▶ _Task details_
Beginning with the line below that contains "А как ты думаешь, о" and ending with the line that contains "Das Ferienhaus 2", retype every line exactly. Pictures are not copied.

▶ _Dataset extract_
━━━━━━━━━━

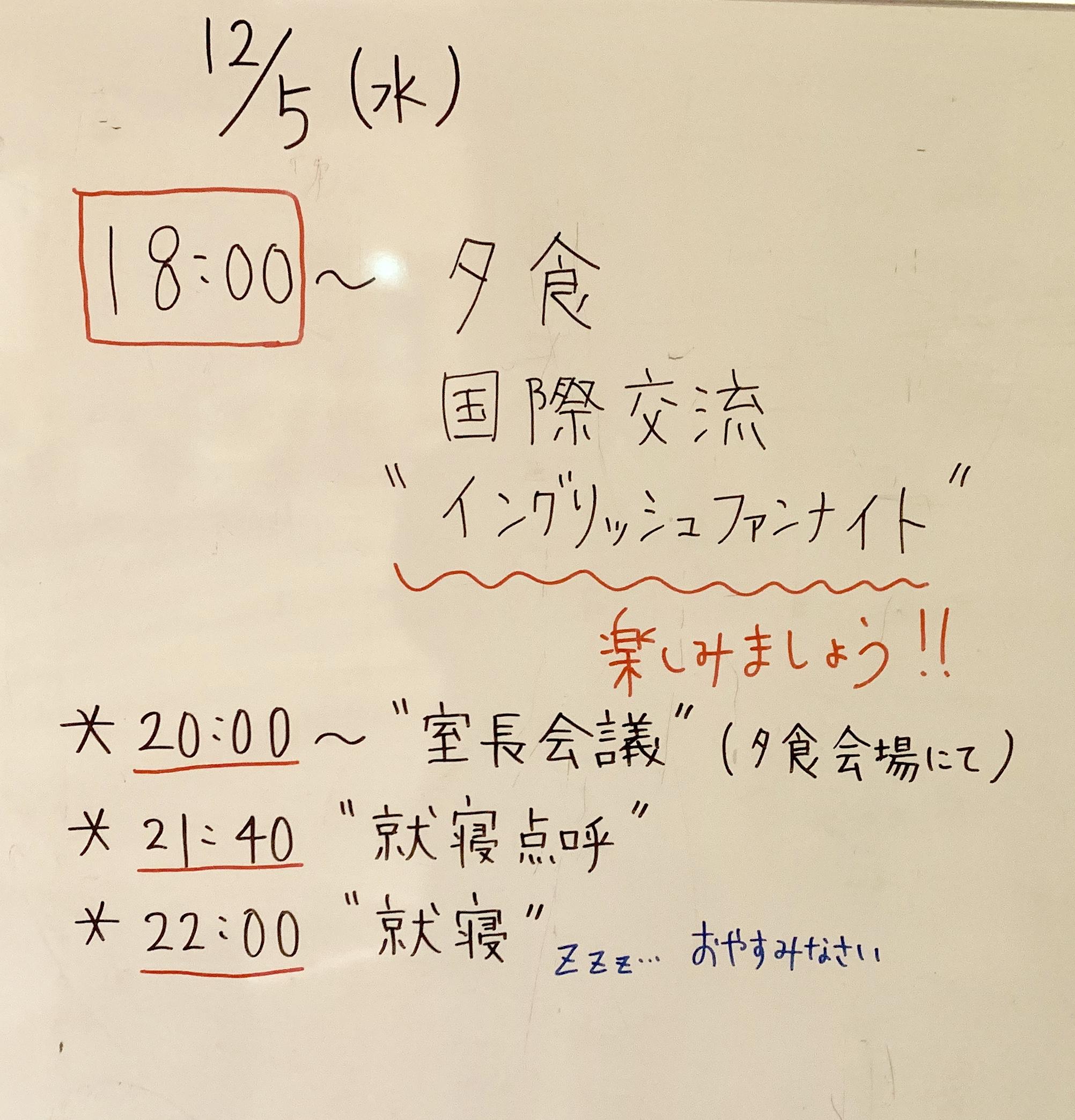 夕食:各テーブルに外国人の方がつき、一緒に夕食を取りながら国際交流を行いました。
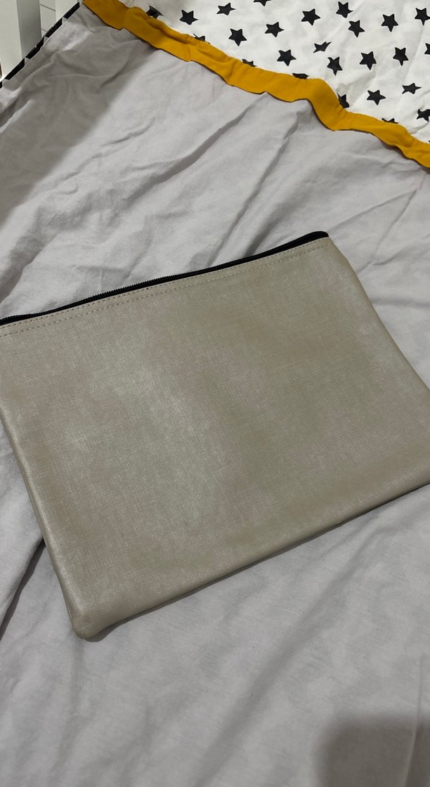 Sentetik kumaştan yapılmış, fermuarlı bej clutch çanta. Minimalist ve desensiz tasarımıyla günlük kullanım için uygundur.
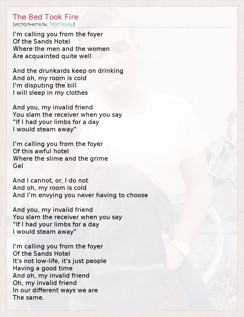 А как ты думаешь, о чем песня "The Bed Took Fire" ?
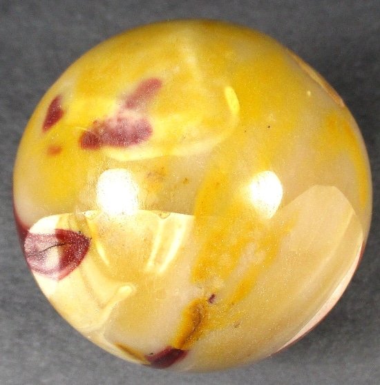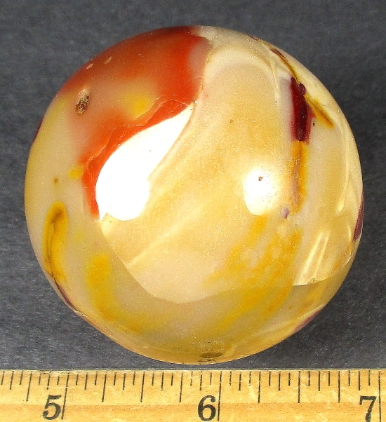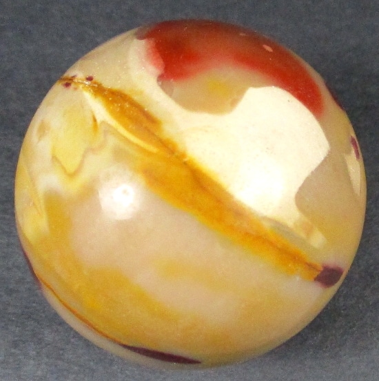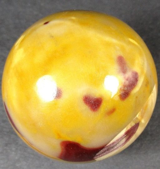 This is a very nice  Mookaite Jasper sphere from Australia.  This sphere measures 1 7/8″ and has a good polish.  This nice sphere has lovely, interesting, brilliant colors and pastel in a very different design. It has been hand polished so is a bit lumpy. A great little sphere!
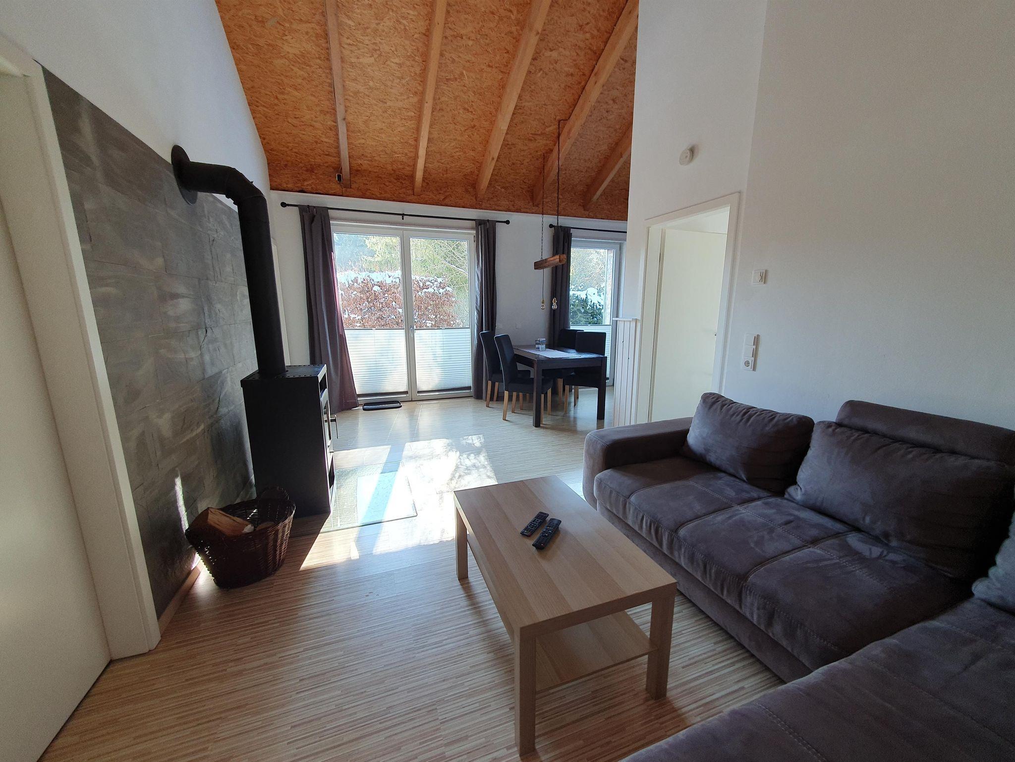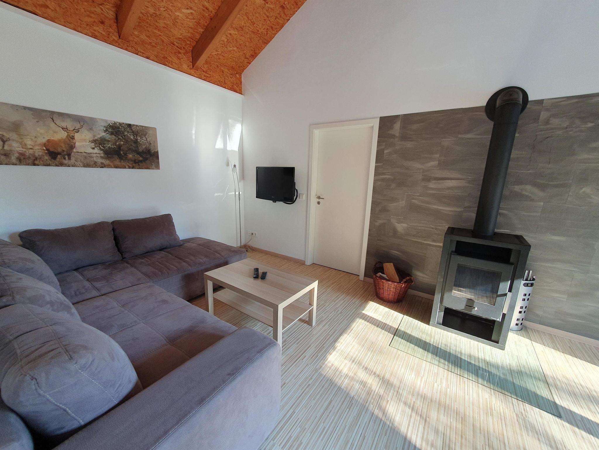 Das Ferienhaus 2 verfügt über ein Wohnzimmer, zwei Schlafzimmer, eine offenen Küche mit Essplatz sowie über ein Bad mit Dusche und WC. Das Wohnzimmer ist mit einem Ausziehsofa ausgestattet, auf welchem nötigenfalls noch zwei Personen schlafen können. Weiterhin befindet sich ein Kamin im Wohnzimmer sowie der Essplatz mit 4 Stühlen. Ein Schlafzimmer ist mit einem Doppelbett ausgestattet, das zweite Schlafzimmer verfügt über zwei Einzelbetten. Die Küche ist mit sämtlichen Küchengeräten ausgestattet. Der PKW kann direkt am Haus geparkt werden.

━━━━━━━━━━

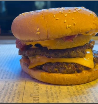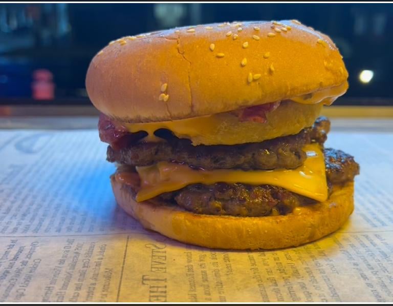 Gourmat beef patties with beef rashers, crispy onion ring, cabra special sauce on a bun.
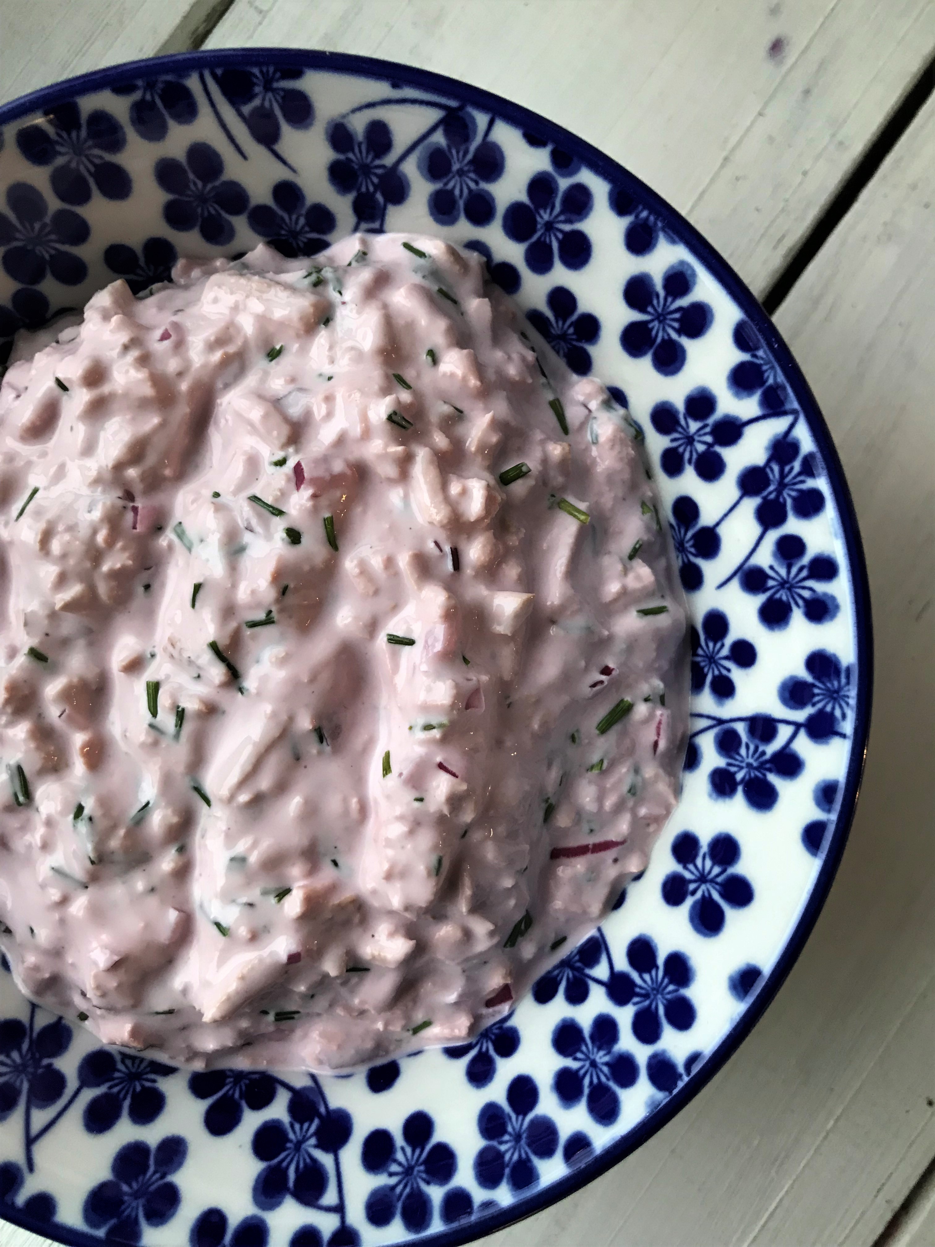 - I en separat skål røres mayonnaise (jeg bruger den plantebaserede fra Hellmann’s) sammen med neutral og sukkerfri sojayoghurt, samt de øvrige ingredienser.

━━━━━━━━━━

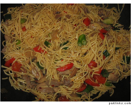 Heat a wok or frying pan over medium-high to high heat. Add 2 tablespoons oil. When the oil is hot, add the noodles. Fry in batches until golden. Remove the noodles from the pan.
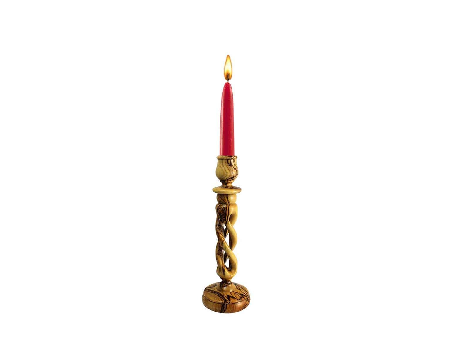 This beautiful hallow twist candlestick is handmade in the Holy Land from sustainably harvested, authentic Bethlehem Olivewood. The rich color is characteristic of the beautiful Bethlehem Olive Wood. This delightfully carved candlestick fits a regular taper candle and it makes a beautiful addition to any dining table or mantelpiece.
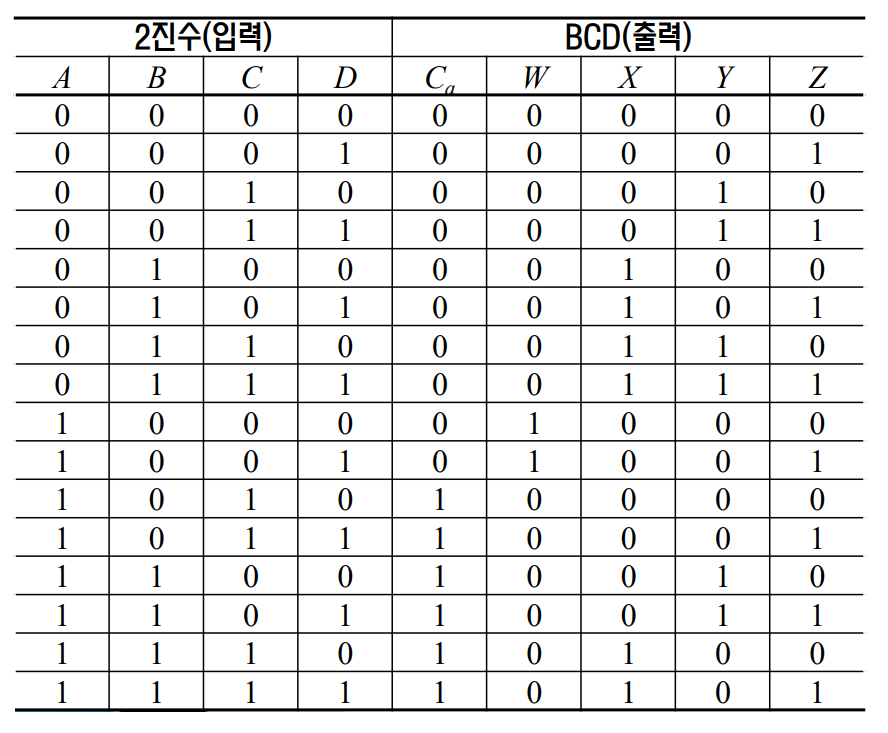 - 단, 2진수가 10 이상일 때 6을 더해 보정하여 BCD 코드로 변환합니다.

━━━━━━━━━━

▶ _Task answer_
 А как ты думаешь, о чем песня "The Bed Took Fire" ?
 This is a very nice  Mookaite Jasper sphere from Australia.  This sphere measures 1 7/8″ and has a good polish.  This nice sphere has lovely, interesting, brilliant colors and pastel in a very different design. It has been hand polished so is a bit lumpy. A great little sphere!
 Das Ferienhaus 2 verfügt über ein Wohnzimmer, zwei Schlafzimmer, eine offenen Küche mit Essplatz sowie über ein Bad mit Dusche und WC. Das Wohnzimmer ist mit einem Ausziehsofa ausgestattet, auf welchem nötigenfalls noch zwei Personen schlafen können. Weiterhin befindet sich ein Kamin im Wohnzimmer sowie der Essplatz mit 4 Stühlen. Ein Schlafzimmer ist mit einem Doppelbett ausgestattet, das zweite Schlafzimmer verfügt über zwei Einzelbetten. Die Küche ist mit sämtlichen Küchengeräten ausgestattet. Der PKW kann direkt am Haus geparkt werden.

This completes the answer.